● **Information**
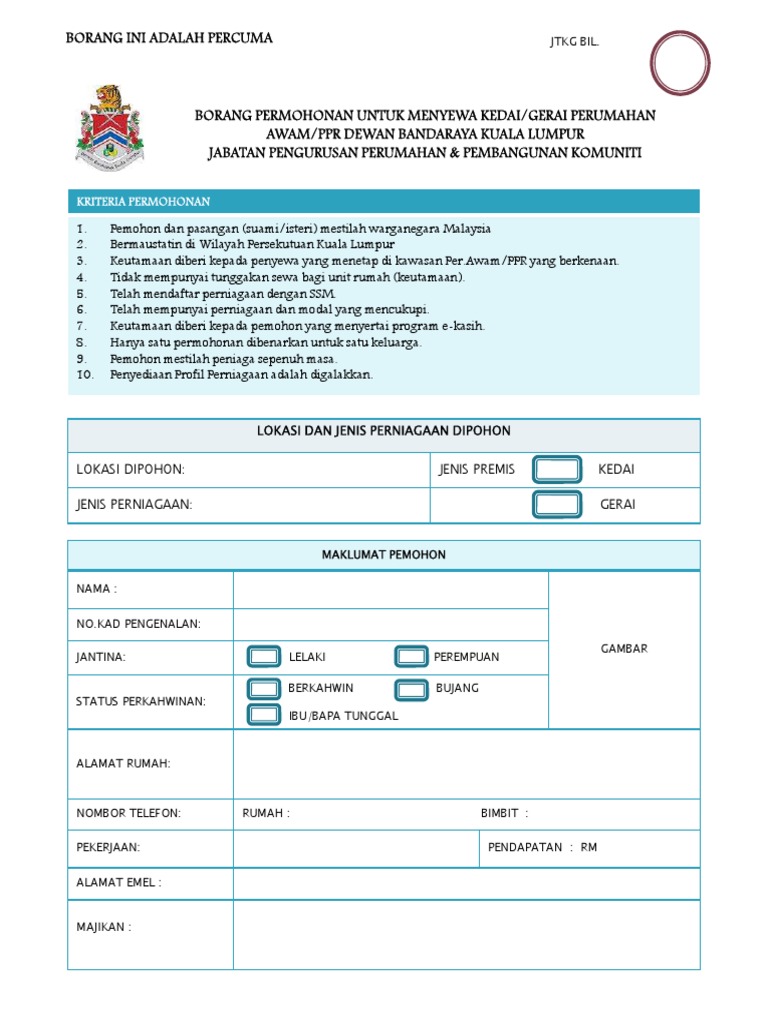 Borang Lesen Penjaja Dbkl Ms Word Pdf
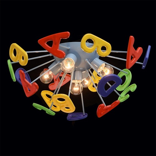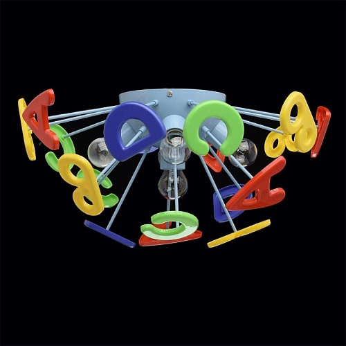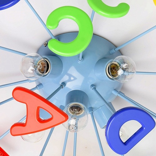 Основание светильника выполнено из сплава металла и окрашено в синий цвет. Светильник декорирован латинскими буквами из высококачественного акрила, окрашенного в разные цвета.
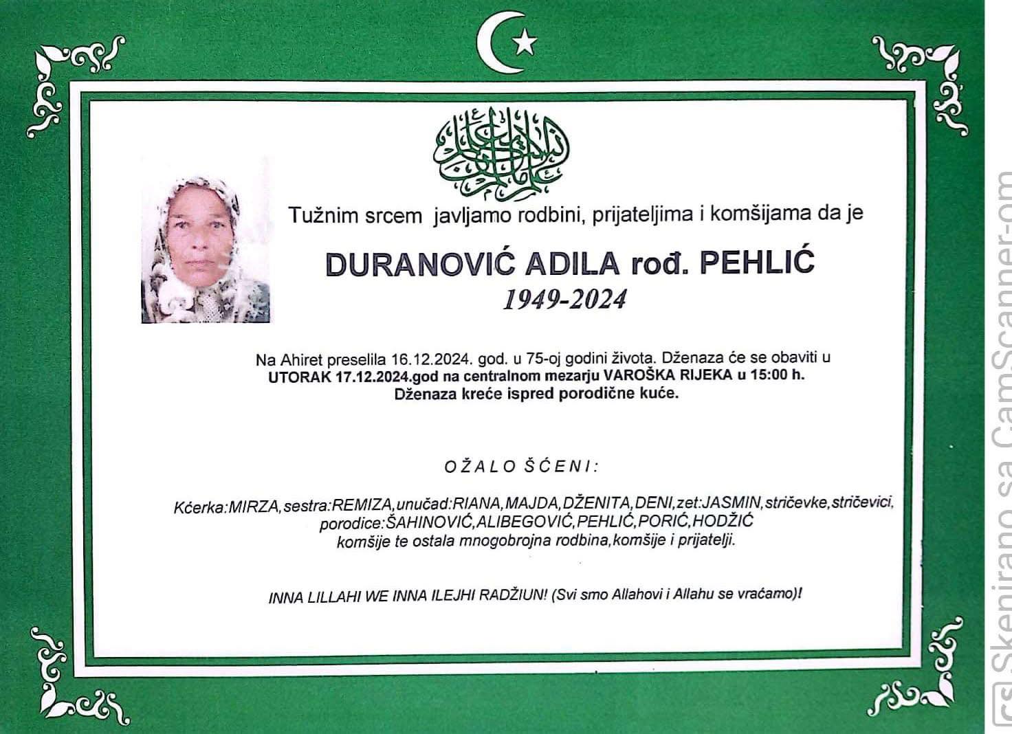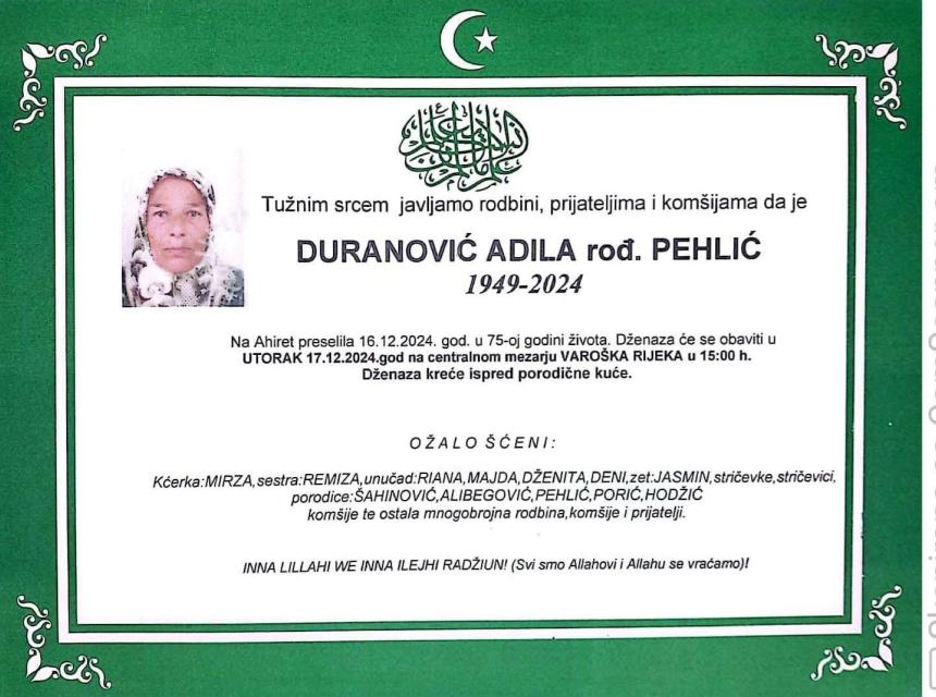 Duboko ožalošćeni obavještavamo rodbinu, prijatelje i komšije da je dana 16.12.2024. god. u 75-oj godini života na ahiret preselila Duranović Adila rođ. Pehlić.
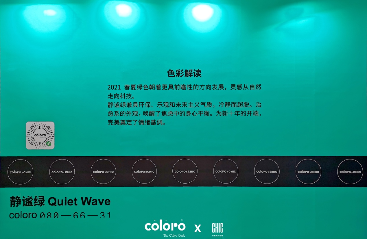 本次CHIC2020大湾区展的官方主色调为:静谧绿(Quiet Wave),由中国应用颜色体系COLORO与CHIC合作定制,灵感来源于2021春夏色彩趋势,绿色从自然走向科技,突出体现冷静、超脱的外观,兼具环保、乐观和未来主义的气质奠定了新十年的情绪基调。
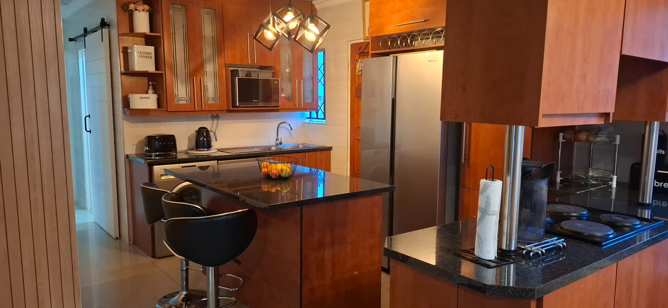 Two geysers one electrical, the other one a solar. Pre paid water and electricity, well maintained garden. Double garage with auto door well sized yard, secured with surrounding wall, paved and remote auto gate. This property is located in a gated community with controlled and neighborhood watch patrollers. It is close to many amenities, easy access to main roads and public transport. Malls, hospitals, clinics, schools, police station, filling stations are nearby.
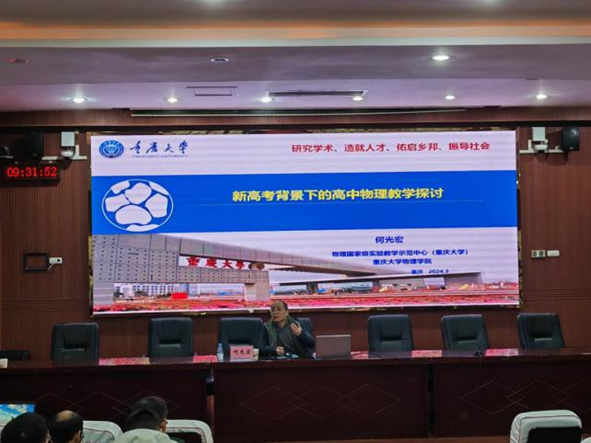 何光宏教授主讲,题为《新高考背景下高中物理教学探讨》。何教授是国家级物理实验教学示范中心主任,教育部大中物理教育衔接工作委员会委员,拥有丰富的物理教育经验。他深入浅出地为老师们剖析新高考评价,带领大家领会新课标精神、重点强调要因地制宜开展实验教学,最后他还对大学和中学的衔接作了介绍和交流。培训结束后,教师代表作了培训心得交流,他们表示何教授的培训为今后的物理教学工作提供新的思路和启发,今后会为学生创造更好的学习体验,培养学生的物理素养和科学精神。
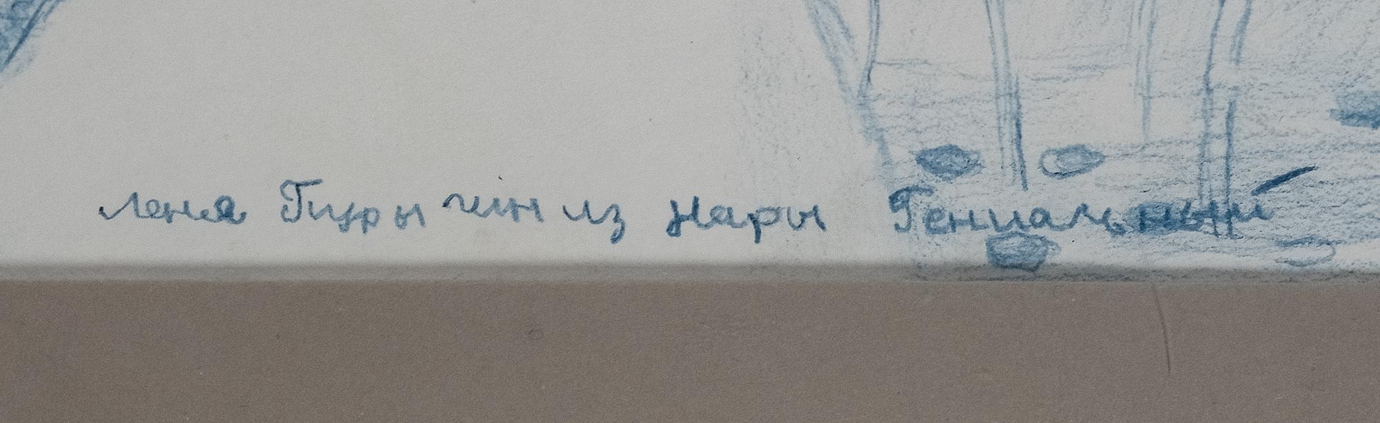 В правом нижнем углу подпись: Леня Пурыгин из Нары Гениальный

● **Exercise directions**
Return the material line for line, from its beginning to the line that contains "Duboko ožalošćeni obavještavamo", with the pictures left out.

● **Response to the exercise**
 Borang Lesen Penjaja Dbkl Ms Word Pdf
 Основание светильника выполнено из сплава металла и окрашено в синий цвет. Светильник декорирован латинскими буквами из высококачественного акрила, окрашенного в разные цвета.
 Duboko ožalošćeni obavještavamo rodbinu, prijatelje i komšije da je dana 16.12.2024. god. u 75-oj godini života na ahiret preselila Duranović Adila rođ. Pehlić.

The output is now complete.